【グランドティトン国立公園】霊峰、湖、川、野生動物……、完璧な国立公園の風景が広がる!
尖ったピークが天を突くティトン山脈。ジャクソンホールという美しい谷ではムースなどの大型野生動物が目撃される。そして、水晶のように澄んだ湖と川。アメリカの自然の魅力がすべて凝縮された完璧な国立公園だ。
- SERIES:
- アメリカ ナショナルパークへの旅! vol.17
ワイオミング州
グランドティトン国立公園
標高2000mの雪景色の平原に、バイソンの群れ。背景にはティトン山脈の荒々しいピークが連なる。10月末になると雪が積もることが多く、5月や9月でも雪が見られることがある
同じロッキー山脈にあり、隣接する関係でありながら、グランドティトンには荒々しいイエローストーンとは全く異なる景色が広がる。威風堂々としたティトン山脈、その足元に連なるスーパークリアな湖、緑豊かな谷をゆったりと流れる川、そして西部開拓時代そのままの景色。誰もが思い描くアメリカ国立公園の原風景がここにある。

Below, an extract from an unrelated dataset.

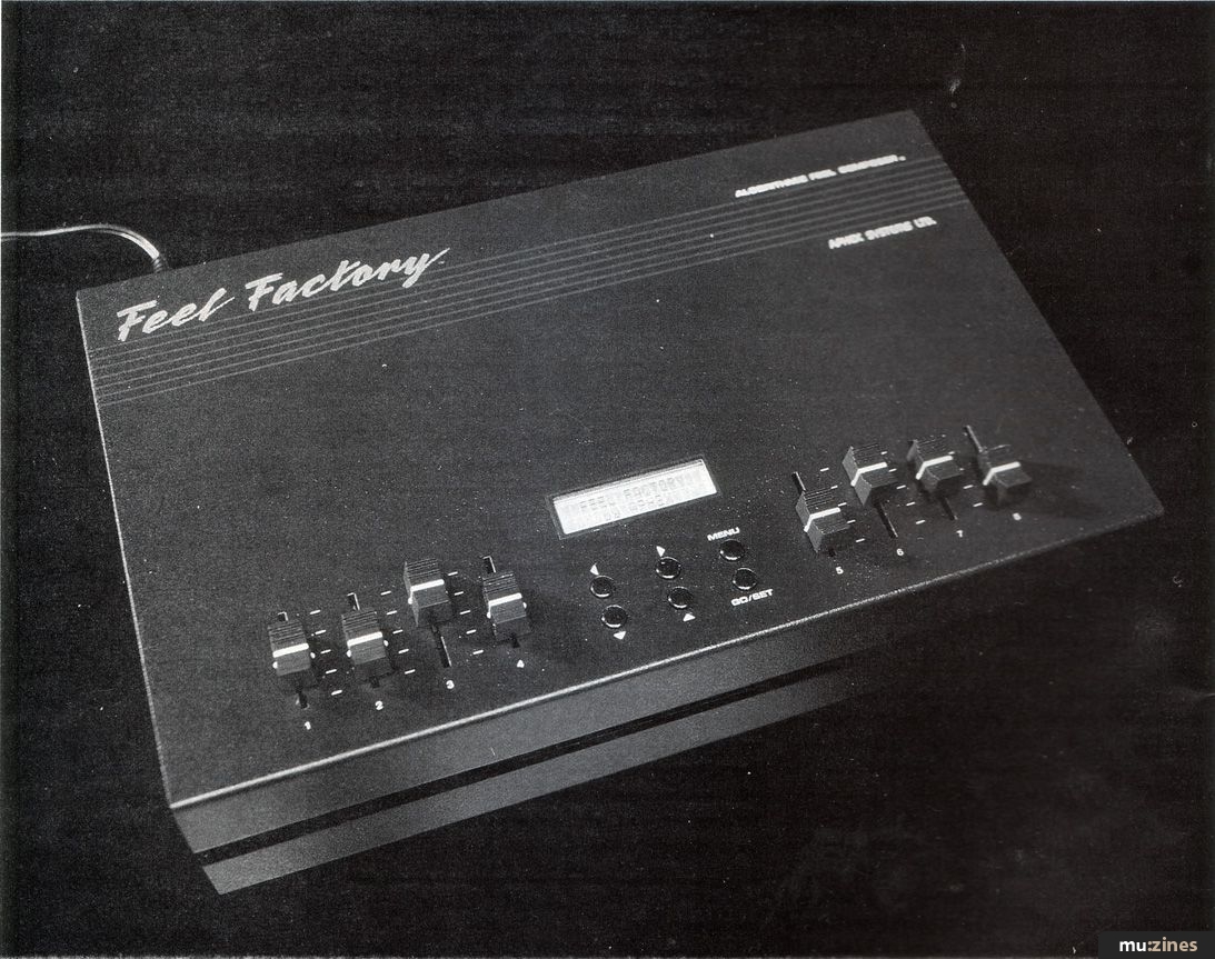 SO WE TURN from theory to practice. Feel Factory is a flat metal box designed to sit on a table top, with eight short sliders, six programming buttons and a backlit 32-character LCD. The rear panel of the box holds all the communications connections: One MIDI In, four MIDI Outs, SMPTE in and out, MIDI clock out, Macintosh serial interface, power switch and 9V power input. There are also two extra ports labelled Mac data and MIDI data that are "reserved for future Feel Factory products".

観光の起点はパーク南のムース・エントランスステーション。このエリアは、その名のとおり、シカの仲間で最大のムースとの遭遇率が高いことで知られる。雄大なムースを目撃したら、その姿はきっと目に焼きついて離れないはずだ。
期待を胸にさっそくメインロードを北上してみよう。左右に広がる見晴らしのいい谷は、ジャクソンホールと呼ばれる。経済ニュースに詳しい人なら、有名な経済シンポジウムが開かれる場所として聞き覚えがあるだろう。
やがて視界に3つの尖ったピークを持つティトン山脈が現れる。平地からの高低差は2000m。ダイナミックにそびえ立つ山脈は、息を呑む美しさだ。そして、このあたりからジェニーレイク周辺が、ムースが集まるポイント。ベストシーズンは9月から10月。早朝の時間帯がいい。なお、ティトン山脈にはムースのほかにプロングホーン、エルク、ビーバー、白鳥、ツル、グースなど多くの野生動物が暮らしている。たくさんの出会いが期待できるというわけだ。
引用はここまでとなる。